▸ **Task details**
Copy, word for word, the lines of the entries below between the one with "Полки на дверце" and the one with "优质班会课竞赛现场,辅导员态", inclusive, and leave out everything else.

▸ **Source data**
**********

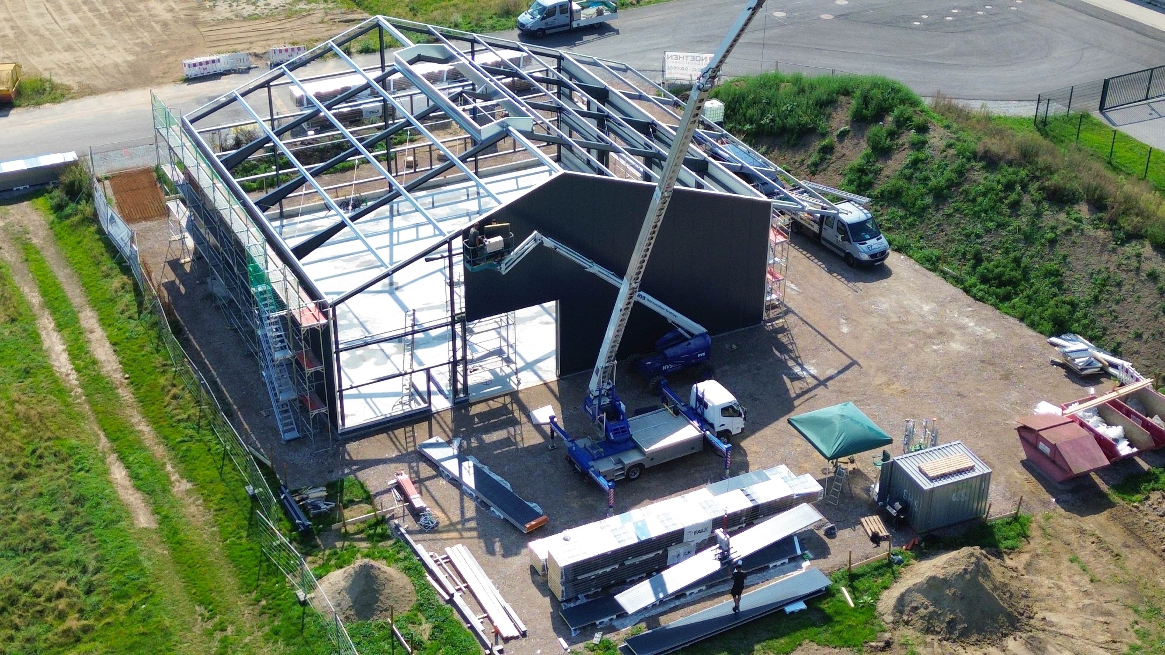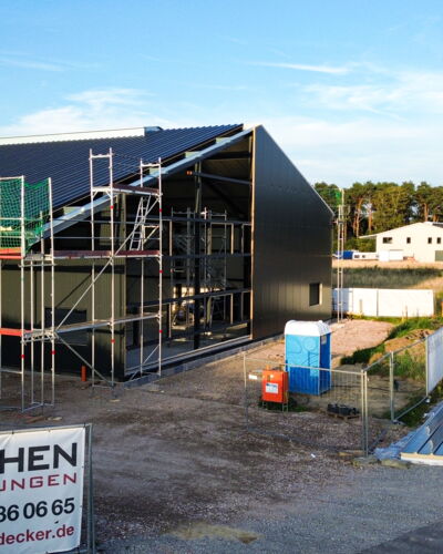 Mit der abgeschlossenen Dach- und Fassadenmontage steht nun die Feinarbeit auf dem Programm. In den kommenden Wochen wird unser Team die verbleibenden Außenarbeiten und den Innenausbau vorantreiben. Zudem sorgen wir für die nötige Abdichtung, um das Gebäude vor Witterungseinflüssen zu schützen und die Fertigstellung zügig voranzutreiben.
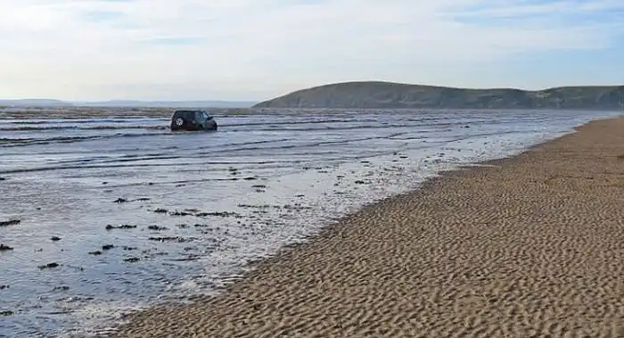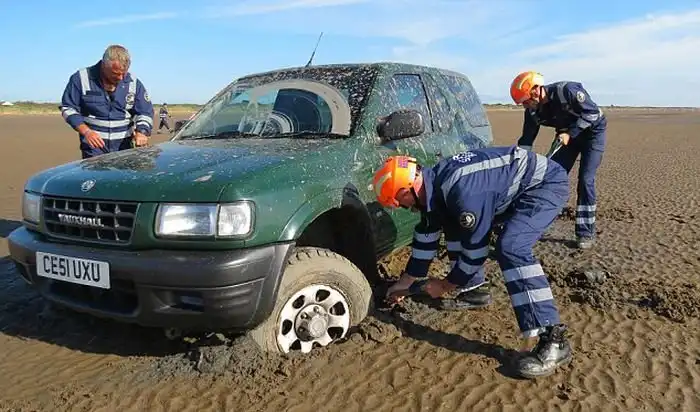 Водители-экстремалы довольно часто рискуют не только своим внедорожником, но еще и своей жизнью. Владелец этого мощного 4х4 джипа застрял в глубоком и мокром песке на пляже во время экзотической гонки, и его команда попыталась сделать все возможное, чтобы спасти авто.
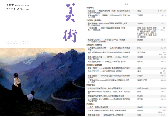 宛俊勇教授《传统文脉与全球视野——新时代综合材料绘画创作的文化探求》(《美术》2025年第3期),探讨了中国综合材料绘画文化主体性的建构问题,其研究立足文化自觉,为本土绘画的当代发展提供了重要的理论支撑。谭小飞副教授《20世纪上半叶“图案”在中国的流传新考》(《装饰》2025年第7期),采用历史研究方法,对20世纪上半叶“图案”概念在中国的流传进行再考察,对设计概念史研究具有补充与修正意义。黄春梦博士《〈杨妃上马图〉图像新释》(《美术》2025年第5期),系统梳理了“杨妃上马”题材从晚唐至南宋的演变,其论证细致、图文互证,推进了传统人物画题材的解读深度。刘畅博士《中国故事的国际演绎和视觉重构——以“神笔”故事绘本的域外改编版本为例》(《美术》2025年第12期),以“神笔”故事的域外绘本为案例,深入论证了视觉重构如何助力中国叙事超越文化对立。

**********

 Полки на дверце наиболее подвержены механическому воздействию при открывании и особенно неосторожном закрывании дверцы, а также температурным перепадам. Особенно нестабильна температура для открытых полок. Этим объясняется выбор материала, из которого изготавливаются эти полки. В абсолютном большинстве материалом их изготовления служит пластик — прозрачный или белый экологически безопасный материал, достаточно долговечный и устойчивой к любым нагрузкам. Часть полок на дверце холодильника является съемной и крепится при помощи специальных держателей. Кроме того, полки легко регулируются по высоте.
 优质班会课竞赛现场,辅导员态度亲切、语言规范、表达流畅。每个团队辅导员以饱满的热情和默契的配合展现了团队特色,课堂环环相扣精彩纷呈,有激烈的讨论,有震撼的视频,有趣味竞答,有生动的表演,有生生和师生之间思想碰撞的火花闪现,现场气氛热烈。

**********

▸ **Written answer**
 Полки на дверце наиболее подвержены механическому воздействию при открывании и особенно неосторожном закрывании дверцы, а также температурным перепадам. Особенно нестабильна температура для открытых полок. Этим объясняется выбор материала, из которого изготавливаются эти полки. В абсолютном большинстве материалом их изготовления служит пластик — прозрачный или белый экологически безопасный материал, достаточно долговечный и устойчивой к любым нагрузкам. Часть полок на дверце холодильника является съемной и крепится при помощи специальных держателей. Кроме того, полки легко регулируются по высоте.
 优质班会课竞赛现场,辅导员态度亲切、语言规范、表达流畅。每个团队辅导员以饱满的热情和默契的配合展现了团队特色,课堂环环相扣精彩纷呈,有激烈的讨论,有震撼的视频,有趣味竞答,有生动的表演,有生生和师生之间思想碰撞的火花闪现,现场气氛热烈。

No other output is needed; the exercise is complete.